Lights, Camera, No Action

Microsoft engineers pull another all-nighter, trying to produce a videotape to disprove a government claim that Windows 98 and Internet Explorer are inseparable. Declan McCullagh reports from Washington.

Microsoft lawyers played a revised videotape in court Thursday afternoon in an attempt to put an embarrassing week behind them.

The video, produced during an all-night recording session Wednesday, showed that a version of Windows 98 modified by a government expert in an attempt to disable Internet Explorer is buggy and crashes some third-party software.

However, it did not show what Microsoft claimed was a performance slowdown, and a government lawyer claimed that as a victory. One government lawyer claimed that the bugs its program caused could be fixed. "You would expect a concept work like that to have problems," US Department of Justice lawyer David Boies said, and a Microsoft witness agreed.


For a window onto the Microsoft antitrust trial, visit US v. Microsoft. - - - - - -

Portions of the "Videotape 2.0" also contradicted earlier claims by government lawyers. Their technical expert, a Princeton University computer scientist, had claimed a program he wrote barred Internet Explorer users from the Web.

"The program removes all the methods by which the user can access the Web," government witness Edward Felten testified in December.

But Microsoft demonstrated Thursday that Felten's claim was not accurate. On a "Feltenized" version of Windows, users could browse Web sites by typing addresses into Windows Help.

Microsoft hopes to refute a government claim that by gluing Internet Explorer into Windows, the firm violated antitrust laws restricting monopolists from combining separate products. Microsoft denies the allegation and says the products are seamlessly integrated.

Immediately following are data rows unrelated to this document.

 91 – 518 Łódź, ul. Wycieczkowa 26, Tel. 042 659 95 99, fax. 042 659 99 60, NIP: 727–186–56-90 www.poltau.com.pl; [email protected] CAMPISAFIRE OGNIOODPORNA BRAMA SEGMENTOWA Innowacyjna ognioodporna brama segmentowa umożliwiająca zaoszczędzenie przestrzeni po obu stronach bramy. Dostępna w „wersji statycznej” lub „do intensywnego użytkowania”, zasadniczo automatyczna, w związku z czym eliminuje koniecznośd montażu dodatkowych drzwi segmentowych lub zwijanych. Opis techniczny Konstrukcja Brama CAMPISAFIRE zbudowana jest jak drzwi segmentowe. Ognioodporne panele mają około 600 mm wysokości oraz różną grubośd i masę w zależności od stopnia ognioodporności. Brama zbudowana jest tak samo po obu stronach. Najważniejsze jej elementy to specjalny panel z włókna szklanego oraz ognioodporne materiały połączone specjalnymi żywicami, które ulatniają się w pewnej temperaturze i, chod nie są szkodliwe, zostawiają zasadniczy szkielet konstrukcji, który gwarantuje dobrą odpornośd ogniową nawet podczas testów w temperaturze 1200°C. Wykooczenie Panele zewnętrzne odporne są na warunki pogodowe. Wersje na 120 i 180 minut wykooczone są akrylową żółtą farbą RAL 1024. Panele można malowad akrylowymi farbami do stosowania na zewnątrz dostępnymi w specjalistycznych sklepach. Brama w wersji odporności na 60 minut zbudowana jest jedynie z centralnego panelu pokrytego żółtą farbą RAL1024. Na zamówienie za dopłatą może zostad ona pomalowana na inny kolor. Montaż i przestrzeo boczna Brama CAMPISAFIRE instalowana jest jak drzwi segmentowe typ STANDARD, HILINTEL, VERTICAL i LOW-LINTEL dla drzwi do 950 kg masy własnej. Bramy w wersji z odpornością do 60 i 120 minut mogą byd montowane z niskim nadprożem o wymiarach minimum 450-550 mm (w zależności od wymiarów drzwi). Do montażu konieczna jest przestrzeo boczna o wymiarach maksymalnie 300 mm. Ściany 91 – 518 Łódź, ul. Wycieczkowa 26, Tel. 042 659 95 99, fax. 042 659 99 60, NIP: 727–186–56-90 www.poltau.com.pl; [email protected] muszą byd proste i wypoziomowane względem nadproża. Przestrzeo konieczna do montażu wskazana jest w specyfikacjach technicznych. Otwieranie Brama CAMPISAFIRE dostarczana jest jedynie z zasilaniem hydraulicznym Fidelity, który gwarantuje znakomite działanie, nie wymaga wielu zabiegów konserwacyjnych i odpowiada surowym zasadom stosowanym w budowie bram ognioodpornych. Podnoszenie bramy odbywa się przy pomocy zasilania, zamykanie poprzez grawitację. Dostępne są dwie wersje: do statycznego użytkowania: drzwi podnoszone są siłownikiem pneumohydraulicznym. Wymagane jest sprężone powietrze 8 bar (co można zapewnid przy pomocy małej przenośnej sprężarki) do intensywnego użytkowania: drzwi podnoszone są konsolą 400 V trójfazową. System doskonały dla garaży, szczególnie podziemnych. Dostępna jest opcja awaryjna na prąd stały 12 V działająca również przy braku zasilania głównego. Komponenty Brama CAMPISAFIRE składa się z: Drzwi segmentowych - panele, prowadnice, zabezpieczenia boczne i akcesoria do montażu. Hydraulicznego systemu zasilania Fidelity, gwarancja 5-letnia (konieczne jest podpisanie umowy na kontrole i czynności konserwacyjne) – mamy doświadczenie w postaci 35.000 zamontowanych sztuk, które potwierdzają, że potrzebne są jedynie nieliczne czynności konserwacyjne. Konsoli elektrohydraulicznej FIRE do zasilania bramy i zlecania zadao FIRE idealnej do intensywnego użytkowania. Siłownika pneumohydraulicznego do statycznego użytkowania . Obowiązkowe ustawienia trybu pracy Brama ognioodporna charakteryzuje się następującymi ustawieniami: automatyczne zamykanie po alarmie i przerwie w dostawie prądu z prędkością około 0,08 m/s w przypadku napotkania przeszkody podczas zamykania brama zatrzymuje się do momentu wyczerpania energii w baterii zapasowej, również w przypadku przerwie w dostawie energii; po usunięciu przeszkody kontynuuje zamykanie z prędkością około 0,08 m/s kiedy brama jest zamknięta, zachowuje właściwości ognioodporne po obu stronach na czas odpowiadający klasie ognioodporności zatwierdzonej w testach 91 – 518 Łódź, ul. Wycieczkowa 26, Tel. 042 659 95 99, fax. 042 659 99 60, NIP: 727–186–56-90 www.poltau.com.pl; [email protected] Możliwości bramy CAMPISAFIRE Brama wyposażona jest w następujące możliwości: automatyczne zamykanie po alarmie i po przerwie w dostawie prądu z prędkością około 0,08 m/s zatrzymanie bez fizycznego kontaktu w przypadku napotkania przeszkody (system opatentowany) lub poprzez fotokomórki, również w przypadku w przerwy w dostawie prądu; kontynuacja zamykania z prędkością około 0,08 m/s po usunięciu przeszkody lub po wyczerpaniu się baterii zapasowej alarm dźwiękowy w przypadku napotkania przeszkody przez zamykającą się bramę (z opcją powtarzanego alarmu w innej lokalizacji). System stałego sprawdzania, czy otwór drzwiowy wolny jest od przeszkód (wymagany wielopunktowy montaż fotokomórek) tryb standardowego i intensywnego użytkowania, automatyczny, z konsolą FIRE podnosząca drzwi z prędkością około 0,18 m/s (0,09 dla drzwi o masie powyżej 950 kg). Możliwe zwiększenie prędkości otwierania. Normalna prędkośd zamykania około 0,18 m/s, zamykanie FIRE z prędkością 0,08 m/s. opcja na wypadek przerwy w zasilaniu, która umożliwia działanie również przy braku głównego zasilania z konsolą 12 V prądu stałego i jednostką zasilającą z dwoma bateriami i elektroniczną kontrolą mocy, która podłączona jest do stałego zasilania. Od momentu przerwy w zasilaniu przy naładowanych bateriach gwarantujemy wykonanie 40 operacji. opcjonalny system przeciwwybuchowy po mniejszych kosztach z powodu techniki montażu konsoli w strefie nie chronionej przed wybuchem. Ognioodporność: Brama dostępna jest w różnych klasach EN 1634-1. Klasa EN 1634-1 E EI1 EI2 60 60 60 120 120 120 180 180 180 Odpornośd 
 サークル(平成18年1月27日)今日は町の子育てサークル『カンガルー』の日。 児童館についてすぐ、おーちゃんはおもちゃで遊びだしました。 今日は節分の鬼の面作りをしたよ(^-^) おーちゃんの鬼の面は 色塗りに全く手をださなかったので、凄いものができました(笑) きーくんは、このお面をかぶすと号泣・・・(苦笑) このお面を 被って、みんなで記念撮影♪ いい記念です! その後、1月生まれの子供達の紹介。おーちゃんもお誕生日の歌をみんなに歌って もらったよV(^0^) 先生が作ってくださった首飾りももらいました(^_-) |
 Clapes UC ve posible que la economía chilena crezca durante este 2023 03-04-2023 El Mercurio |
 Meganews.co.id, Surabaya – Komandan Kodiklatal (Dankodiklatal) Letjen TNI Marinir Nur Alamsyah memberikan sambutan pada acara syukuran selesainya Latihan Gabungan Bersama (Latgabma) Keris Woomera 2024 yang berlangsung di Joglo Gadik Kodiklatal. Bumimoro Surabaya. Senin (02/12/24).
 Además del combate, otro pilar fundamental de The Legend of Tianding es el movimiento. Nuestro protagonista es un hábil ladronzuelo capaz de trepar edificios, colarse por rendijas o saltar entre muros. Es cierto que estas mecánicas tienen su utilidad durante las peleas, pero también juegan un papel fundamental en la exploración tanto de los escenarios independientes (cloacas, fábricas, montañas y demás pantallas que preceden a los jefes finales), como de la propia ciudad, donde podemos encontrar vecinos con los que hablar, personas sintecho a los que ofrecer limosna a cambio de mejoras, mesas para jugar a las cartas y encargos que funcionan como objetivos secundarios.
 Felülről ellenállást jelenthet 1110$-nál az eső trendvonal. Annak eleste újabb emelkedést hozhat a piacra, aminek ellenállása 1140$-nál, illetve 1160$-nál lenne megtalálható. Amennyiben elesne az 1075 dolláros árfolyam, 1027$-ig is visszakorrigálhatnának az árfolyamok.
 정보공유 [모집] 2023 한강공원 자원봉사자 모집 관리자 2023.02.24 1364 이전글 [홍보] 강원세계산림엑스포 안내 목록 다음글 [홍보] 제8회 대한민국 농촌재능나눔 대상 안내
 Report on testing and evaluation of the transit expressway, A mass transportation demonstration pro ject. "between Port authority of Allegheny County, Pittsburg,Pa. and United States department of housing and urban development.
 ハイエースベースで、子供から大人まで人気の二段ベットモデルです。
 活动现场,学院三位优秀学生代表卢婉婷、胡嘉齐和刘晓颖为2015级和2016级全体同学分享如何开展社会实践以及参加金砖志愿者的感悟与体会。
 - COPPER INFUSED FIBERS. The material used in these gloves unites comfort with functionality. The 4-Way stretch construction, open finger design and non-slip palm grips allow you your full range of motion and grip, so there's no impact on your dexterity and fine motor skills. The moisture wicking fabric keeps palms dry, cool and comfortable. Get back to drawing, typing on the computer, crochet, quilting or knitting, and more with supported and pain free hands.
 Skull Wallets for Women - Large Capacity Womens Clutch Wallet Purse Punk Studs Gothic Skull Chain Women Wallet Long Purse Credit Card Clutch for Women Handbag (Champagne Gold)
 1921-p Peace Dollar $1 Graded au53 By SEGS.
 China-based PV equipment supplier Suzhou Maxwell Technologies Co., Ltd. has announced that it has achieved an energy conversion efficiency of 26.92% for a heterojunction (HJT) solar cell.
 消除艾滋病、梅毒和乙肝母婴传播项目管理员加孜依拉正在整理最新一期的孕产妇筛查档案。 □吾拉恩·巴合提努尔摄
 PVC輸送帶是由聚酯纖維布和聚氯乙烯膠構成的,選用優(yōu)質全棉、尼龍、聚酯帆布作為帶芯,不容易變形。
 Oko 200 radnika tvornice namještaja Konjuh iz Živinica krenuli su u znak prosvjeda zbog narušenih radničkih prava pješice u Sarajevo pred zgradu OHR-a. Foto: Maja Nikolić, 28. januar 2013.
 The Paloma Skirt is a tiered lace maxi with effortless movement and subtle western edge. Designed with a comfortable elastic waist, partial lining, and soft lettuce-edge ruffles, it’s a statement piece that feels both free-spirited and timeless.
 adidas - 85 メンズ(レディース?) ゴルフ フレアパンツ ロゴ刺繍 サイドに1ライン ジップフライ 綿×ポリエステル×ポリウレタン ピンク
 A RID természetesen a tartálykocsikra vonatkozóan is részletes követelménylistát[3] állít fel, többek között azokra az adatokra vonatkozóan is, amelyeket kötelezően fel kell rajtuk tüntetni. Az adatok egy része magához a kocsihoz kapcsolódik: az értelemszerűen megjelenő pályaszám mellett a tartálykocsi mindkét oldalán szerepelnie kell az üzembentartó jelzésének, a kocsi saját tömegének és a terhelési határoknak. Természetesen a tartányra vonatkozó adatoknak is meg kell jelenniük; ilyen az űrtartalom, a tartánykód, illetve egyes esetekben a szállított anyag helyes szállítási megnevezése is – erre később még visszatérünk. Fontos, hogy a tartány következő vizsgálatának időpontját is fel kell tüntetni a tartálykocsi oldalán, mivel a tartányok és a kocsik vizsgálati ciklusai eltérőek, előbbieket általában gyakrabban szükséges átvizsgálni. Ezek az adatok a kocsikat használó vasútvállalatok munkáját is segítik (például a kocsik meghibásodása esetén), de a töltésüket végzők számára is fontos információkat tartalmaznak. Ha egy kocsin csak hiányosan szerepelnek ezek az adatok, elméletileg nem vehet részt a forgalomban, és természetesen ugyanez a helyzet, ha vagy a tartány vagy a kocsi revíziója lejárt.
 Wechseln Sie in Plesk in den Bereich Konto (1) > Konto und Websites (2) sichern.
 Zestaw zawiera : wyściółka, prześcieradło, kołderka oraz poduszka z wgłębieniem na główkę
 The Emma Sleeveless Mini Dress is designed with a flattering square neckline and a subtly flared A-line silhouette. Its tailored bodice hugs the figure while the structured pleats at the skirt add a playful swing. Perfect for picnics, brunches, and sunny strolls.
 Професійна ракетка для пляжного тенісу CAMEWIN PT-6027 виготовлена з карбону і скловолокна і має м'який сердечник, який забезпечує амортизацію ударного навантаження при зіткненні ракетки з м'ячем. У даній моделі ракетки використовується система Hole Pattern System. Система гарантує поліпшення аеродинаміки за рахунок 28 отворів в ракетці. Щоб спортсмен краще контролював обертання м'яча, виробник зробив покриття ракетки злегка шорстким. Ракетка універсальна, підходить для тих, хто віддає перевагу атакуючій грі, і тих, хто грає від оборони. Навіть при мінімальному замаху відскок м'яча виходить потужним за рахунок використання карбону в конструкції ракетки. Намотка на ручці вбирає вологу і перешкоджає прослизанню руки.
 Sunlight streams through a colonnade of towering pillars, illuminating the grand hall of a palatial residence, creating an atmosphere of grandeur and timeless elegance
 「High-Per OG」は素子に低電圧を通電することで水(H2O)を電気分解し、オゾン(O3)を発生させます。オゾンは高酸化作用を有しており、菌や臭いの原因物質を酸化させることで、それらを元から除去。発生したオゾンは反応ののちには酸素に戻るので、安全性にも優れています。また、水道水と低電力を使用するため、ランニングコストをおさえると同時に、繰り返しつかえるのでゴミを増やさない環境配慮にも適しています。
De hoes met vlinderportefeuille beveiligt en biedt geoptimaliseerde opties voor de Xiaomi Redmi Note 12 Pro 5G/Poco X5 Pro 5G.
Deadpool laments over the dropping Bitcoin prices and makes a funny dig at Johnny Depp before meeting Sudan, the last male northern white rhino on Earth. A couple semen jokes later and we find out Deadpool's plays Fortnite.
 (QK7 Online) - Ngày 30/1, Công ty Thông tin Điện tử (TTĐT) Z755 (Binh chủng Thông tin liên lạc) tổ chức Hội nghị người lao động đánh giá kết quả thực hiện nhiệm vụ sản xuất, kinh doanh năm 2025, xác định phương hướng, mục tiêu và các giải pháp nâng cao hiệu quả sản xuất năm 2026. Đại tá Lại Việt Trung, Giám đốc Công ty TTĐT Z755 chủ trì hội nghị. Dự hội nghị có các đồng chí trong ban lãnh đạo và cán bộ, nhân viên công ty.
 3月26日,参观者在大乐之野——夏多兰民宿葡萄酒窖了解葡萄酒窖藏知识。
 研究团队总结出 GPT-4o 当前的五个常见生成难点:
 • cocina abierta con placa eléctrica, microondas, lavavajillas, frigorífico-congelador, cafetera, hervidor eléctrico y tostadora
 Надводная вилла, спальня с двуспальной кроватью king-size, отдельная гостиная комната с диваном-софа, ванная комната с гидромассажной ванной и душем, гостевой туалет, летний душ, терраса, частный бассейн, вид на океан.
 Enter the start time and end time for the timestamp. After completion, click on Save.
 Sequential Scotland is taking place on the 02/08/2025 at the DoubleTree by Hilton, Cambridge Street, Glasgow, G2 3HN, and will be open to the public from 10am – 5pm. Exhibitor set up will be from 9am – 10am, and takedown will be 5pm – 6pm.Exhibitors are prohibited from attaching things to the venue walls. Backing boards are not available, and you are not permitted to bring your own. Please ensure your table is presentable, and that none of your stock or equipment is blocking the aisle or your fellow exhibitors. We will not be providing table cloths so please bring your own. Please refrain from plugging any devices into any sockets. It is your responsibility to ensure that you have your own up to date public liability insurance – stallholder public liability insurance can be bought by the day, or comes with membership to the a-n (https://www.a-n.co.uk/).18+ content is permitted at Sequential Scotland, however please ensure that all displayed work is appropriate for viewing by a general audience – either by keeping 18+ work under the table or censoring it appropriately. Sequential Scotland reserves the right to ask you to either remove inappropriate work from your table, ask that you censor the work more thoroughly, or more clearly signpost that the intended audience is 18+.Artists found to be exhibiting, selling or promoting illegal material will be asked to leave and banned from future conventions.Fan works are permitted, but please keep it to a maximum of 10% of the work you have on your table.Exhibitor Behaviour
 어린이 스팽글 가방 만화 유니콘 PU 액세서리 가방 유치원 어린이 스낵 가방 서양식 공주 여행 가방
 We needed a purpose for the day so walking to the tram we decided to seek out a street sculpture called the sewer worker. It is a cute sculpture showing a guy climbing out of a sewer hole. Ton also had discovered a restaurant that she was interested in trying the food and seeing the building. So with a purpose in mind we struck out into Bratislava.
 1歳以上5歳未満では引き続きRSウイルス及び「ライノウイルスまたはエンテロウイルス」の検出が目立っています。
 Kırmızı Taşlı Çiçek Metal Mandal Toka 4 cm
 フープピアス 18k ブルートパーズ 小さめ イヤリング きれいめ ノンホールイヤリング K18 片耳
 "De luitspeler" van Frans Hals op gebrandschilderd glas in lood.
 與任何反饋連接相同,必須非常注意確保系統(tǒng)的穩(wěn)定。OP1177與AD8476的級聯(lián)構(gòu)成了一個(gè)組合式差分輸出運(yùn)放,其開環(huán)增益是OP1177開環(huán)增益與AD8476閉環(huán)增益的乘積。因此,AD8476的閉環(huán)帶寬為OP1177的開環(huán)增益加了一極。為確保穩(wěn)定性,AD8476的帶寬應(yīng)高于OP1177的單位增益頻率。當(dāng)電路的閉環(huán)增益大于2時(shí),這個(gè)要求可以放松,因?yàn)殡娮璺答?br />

But Boies dismissed the contradiction as irrelevant and instead focused on a controversial earlier videotape that the judge presiding over the antitrust trial called "very troubling."

The video claims a Feltenized Win 98 takes a "very long time" to access Microsoft's Windows Update Web site. But a careful look at the video, Boies suggested Tuesday, showed that Windows had not been altered. Microsoft also admitted to using multiple machines rather than one "virgin" one.

"We're as good at video production as the government is at software design," Microsoft developer-relations manager Tod Nielsen said Thursday.

Bowing to pressure by the end of the day Wednesday, the company's lawyers promised to record another videotape -- this time, with government lawyers in the room. As the phalanx of Microsoft PR representatives and lawyers streamed out of the second-floor courtroom, they scrambled to figure out how they would do it.